- **ABOUT THIS TASK**: Could you restate the whole listing below word for word, minus the pictures?

- **DATASET EXTRACT**:
=-=-=

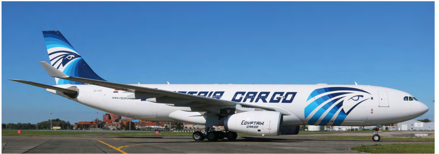
Airbus SU-GCE was delivered to EgyptAir as a passenger aircraft in 2004. Previously using the Airbus A300-600F for cargo flights the airline signed an agreement in December 2014 for the conversion of two A330-200s plus two options. SU-GCE was re-delivered to EgyptAir as A330-200(F) on 4 August 2018. Nik Deblauwe photographed the aircraft on its first visit to Ostend on 27 September 2018.
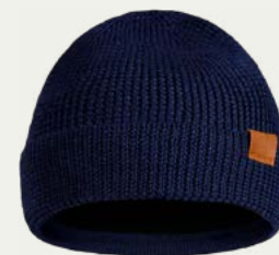
Wool hat or Beanie

Hiking boots that fit, with strong, grippy soles.

=-=-=

- **ANSWER TO THE EXERCISE**:
Airbus SU-GCE was delivered to EgyptAir as a passenger aircraft in 2004. Previously using the Airbus A300-600F for cargo flights the airline signed an agreement in December 2014 for the conversion of two A330-200s plus two options. SU-GCE was re-delivered to EgyptAir as A330-200(F) on 4 August 2018. Nik Deblauwe photographed the aircraft on its first visit to Ostend on 27 September 2018.
Wool hat or Beanie

Hiking boots that fit, with strong, grippy soles.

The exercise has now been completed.